What You Feed the Model Is the Model
I keep hearing this a lot lately and admittedly, echo-ed it myself: any threat model is better than no threat model. I agree. This is settled.
But I'm also a perfectionist, and Adam Shostack's fourth question haunts me: did we do a good job? So rather than settling for "good enough," I've found myself on a slightly obsessive pursuit, giving LLMs the best possible chance to produce the best possible threat model. What building DevArmor has taught me is that the biggest variable in that equation isn't the type of the data flow diagram, the large language model, or the methodology.
It's the input.
Izar Tarandach and Matthew Coles make this point plainly in their book Threat Modeling: A Practical Guide for Development Teams - you cannot have a good threat model without a good model of the system. The input problem isn't new. As Izar Tarandach mentioned in one of our conversations: "One of the ways you're guaranteed to get completely authoritative and mostly unusable results is to give a bad, insufficient or uncertain system model to your LLM. You give it garbage, it will happily give you garbage back. Amplified."
The Anatomy of a Threat and Why Your Input Has to Match It
NIST SP 800-30 defines a threat in terms of two components: a threat source (who or what initiates it) and a threat event (the action they take). That's the foundational definition, and it's a seed that got planted in my head in the early days when I started my career in cyber security. Running threat modeling sessions in practice and eventually building my own threat modeling tools with DevArmor, this evolved and has grown into my own anatomy of a threat.
The model I work with now looks like this: threat source finds or exploits an entry point, which allows them to cause a threat event on a targeted asset or component. The entry point is where your trust boundaries live. The targeted asset is where your process, data storage or any other resource in your inventory are.

This is why structured input matters so much. For an LLM to produce threats that are specific to your system rather than generic to any system, it needs to know: who your actors are, where your trust boundaries sit, what you're storing and how sensitive it is, how data moves through the system, what controls already exist, and critically, which boundary each control is actually protecting.
"One of the ways you're guaranteed to get completely authoritative and mostly unusable results is to give a bad, insufficient or uncertain system model to your LLM. You give it garbage, it will happily give you garbage back. Amplified." - Izar Tarandach
Without this, you are not giving the LLM less to work with but gaps to fill. And it will fill them. A well-meaning model will infer actors, assume boundaries, and approximate asset sensitivity based on whatever context it can extract.
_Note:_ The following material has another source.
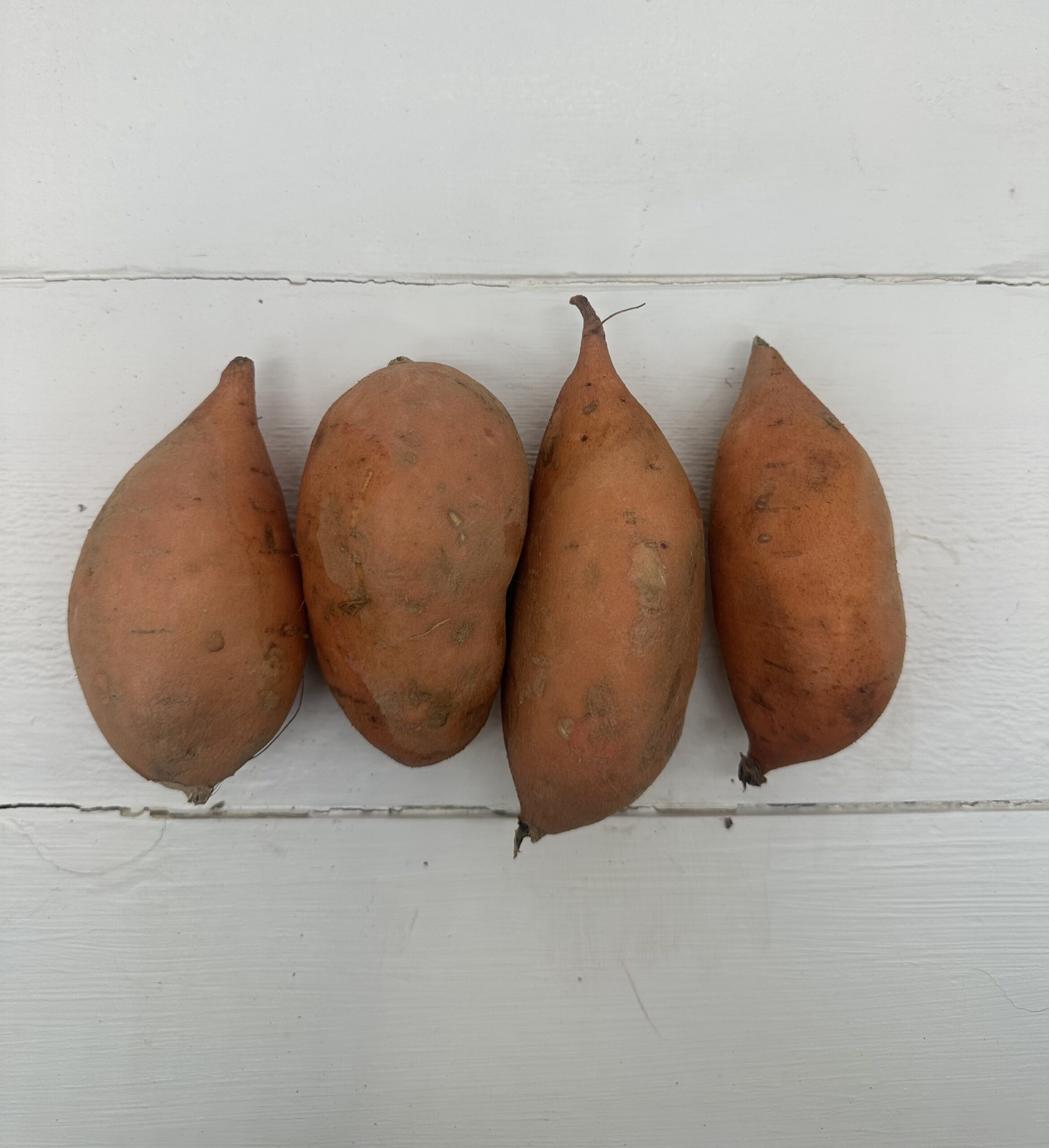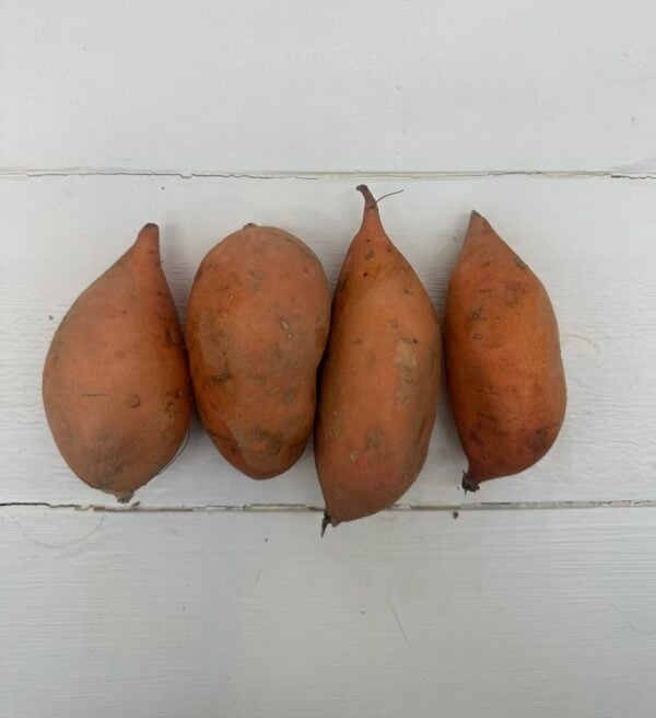 A fingerling-sized variation on the classic sweet potato, with the same sweet orange flesh. The only difference is that this variety has a skin that’s orange instead of red.

The output will be coherent and structured, but it will be describing a system that is close to yours but not yours, which is exactly the kind of threat model that gives you false confidence at the worst possible moment. Or it will annoy you with its hallucinations and assumptions, that it will take you longer to correct and verify them, than it would have taken you to input the initial structured data in the first place.
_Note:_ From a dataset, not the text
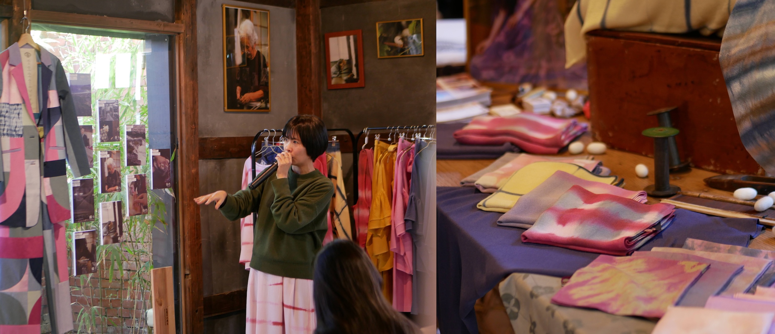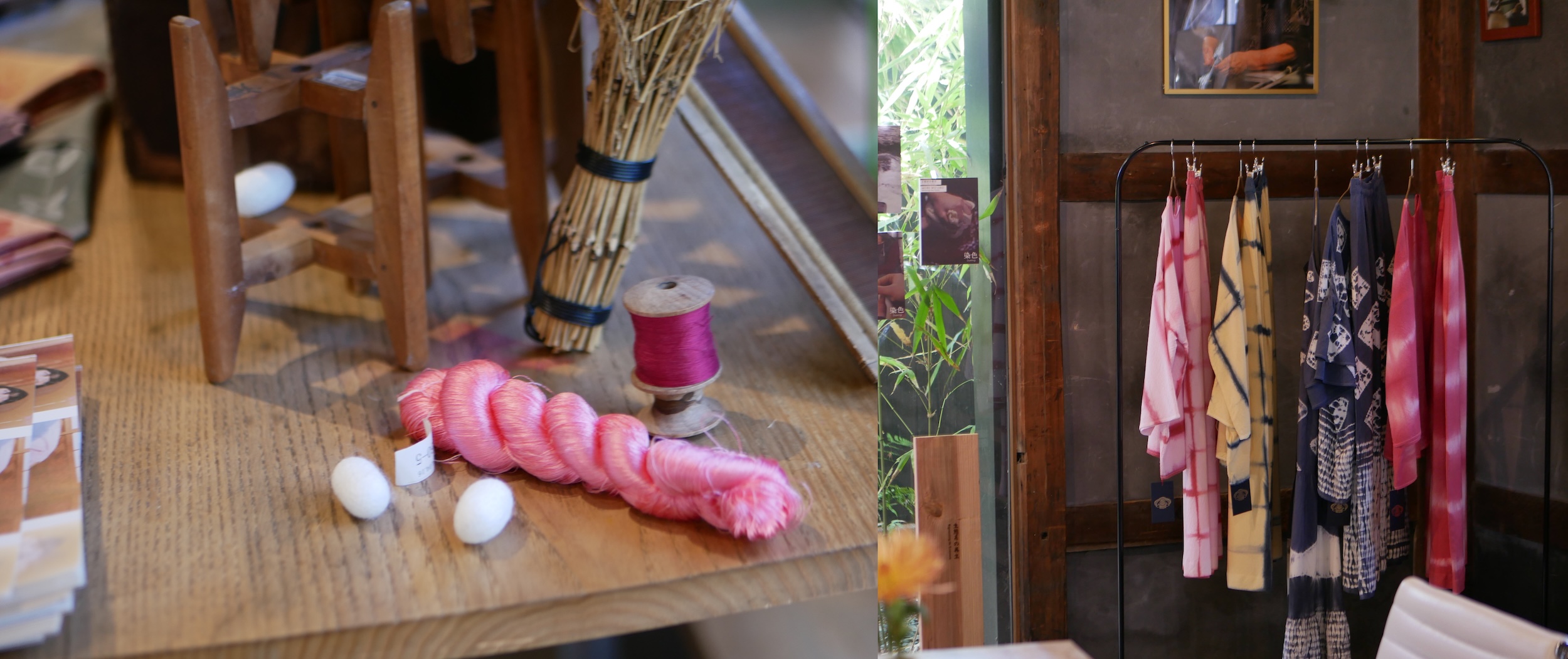 MORI WO ORU Design Studio integrated silk cocoons into their display. During the event, they also screened a documentary film named “Weaving the Forest” which they produced. The documentary conveys the beauty of life through Japan’s silk weaving industry.

This is how we structured DevArmor's input model - with the four part threat anatomy in mind as the backbone of the expected output. Our observation was that if the tool doesn't reliably elicit this kind of structure from a user's input, the threats it produced were less meaningful and specific.
What a Complete and Structured Input Actually Means
When I say structured input, I don’t just mean avoiding giving blobs to your model - I mean also being precise about the things that translate directly into threats. For instance - your trust boundaries, are they explicitly drawn? Where does control pass between components, services, or actors? Where does data cross a boundary without scrutiny? These are the load-bearing walls of any threat model. If they are implicit in your architecture diagram, understood by the team but not stated, an LLM will not reliably surface them. A human expert might ask; a model will not.
Enrich the data flows with context, don’t make them just arrows. Not "user sends request to API" but what is in the request, what credentials are attached, what the API does with it, where the result goes, and what happens if any of those steps fail. An arrow on a diagram is not a data flow, but merely a placeholder. Ensure your assets have sensitivity classifications. If the modeler, human or machine, doesn't know that your database contains PII, or that your internal admin panel can modify production configurations, it cannot reason about blast radius. It will produce generic threats that apply to any system rather than specific threats that apply to yours.
Structured, complete inputs as a first-class concern is the vision that informed every design decision we made in DevArmor. But building it taught us something about how people actually work. Not everyone wants to fill in every field before they see something useful, some want to jump straight into "the LLM magic". They try to achieve a "good enough output" as quickly as possible, and work their way back to the inputs once they can see what they're building towards. We can enable that via our iterative approach and structured input. Having said that, it is clear that if you skip the human-in-the-loop, if you let the model fill in the attributes you did not provide, the quality and accuracy will be impacted meaningfully.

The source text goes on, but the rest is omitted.